» **Data**

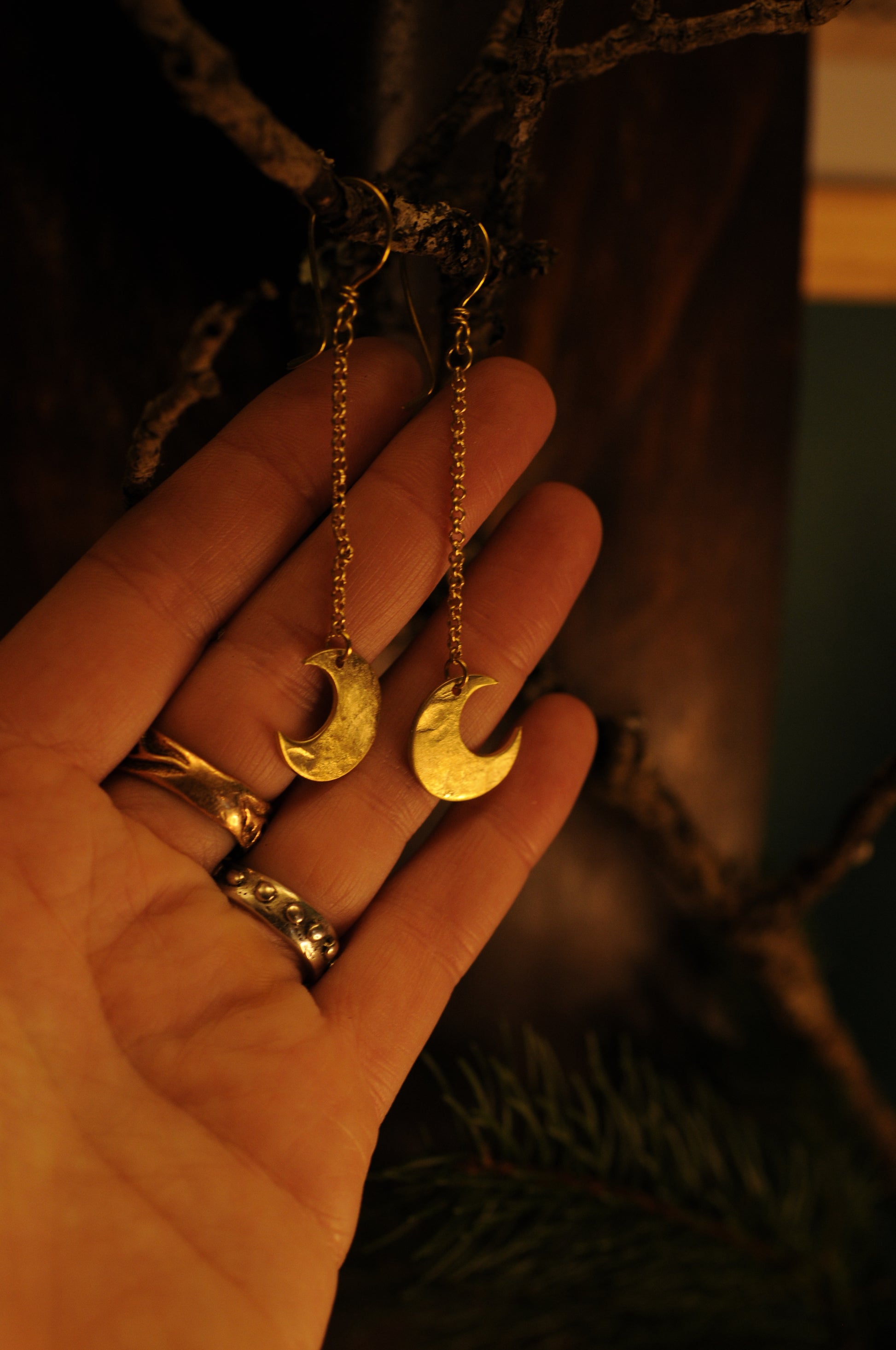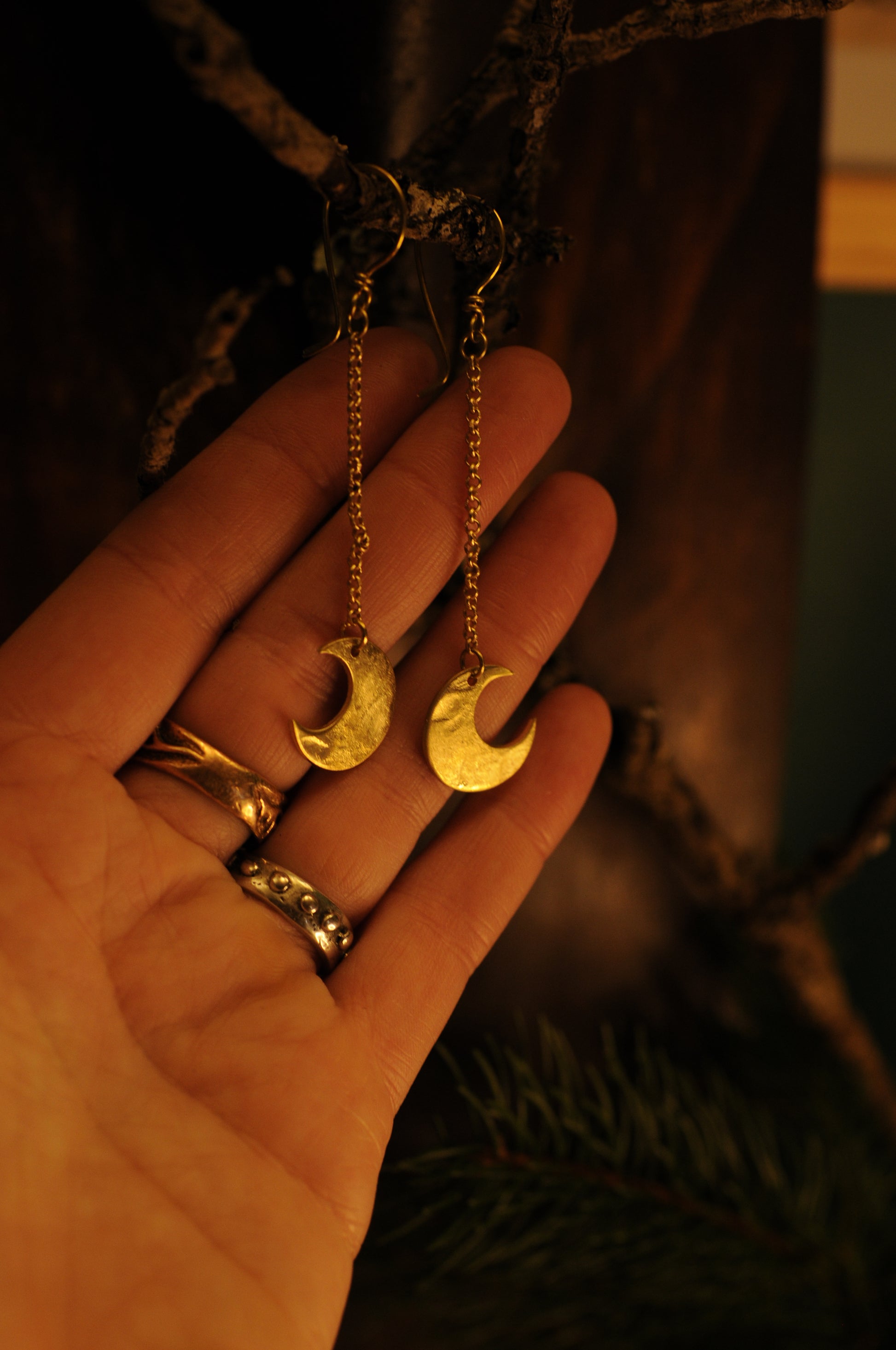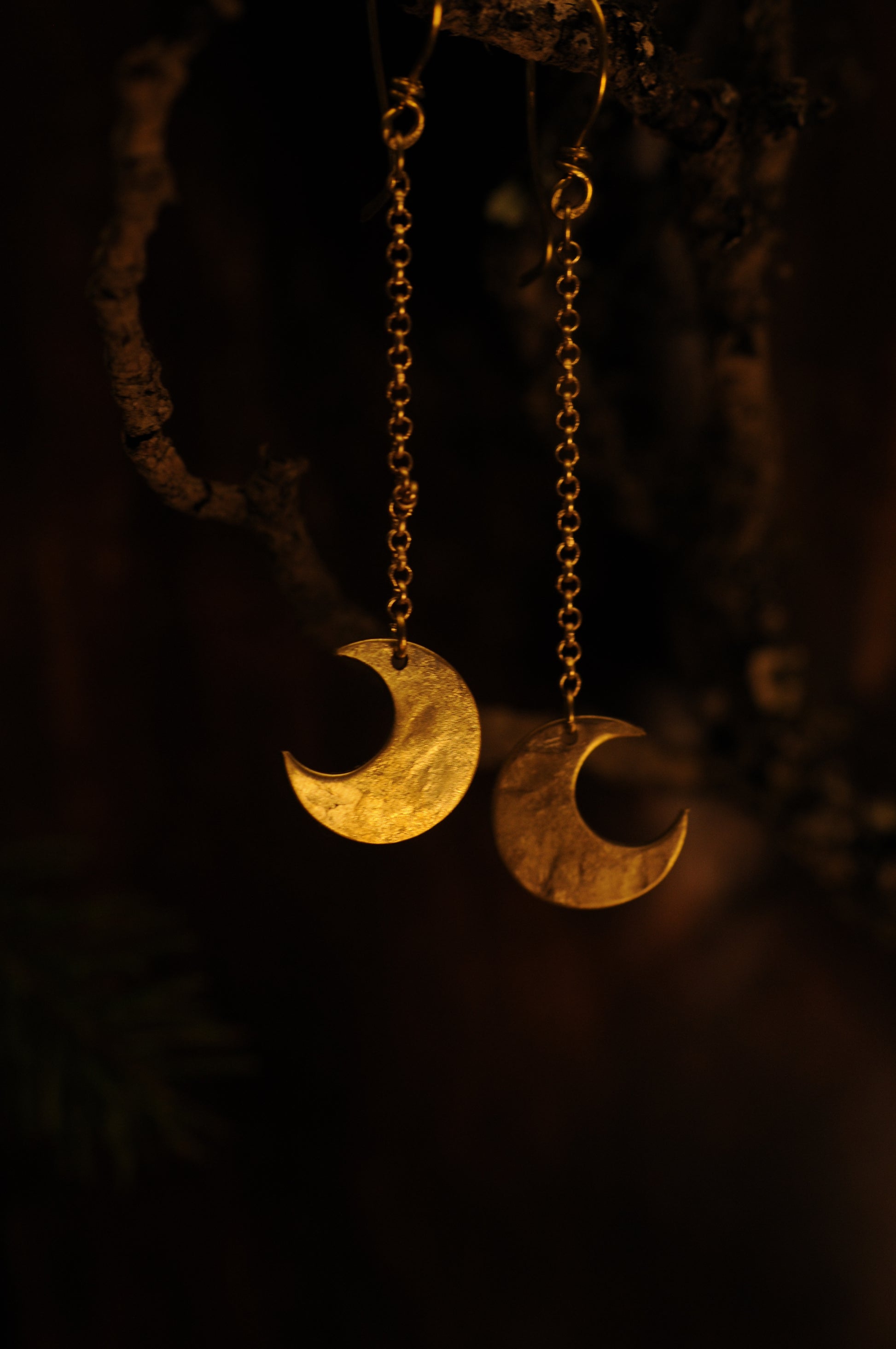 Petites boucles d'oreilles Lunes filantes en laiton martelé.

==

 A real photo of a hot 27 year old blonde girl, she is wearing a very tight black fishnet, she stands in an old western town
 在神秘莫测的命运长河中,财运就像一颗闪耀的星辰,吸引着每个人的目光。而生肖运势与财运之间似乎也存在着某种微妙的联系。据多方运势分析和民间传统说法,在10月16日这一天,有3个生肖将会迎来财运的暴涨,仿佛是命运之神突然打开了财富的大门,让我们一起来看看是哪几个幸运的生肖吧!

» **Brief**
Repeat, exactly as they stand above, the lines from the line with "A real photo" to the line with "在神秘莫测的命运长河中,财运", both lines included.

» **Task response**
 A real photo of a hot 27 year old blonde girl, she is wearing a very tight black fishnet, she stands in an old western town
 在神秘莫测的命运长河中,财运就像一颗闪耀的星辰,吸引着每个人的目光。而生肖运势与财运之间似乎也存在着某种微妙的联系。据多方运势分析和民间传统说法,在10月16日这一天,有3个生肖将会迎来财运的暴涨,仿佛是命运之神突然打开了财富的大门,让我们一起来看看是哪几个幸运的生肖吧!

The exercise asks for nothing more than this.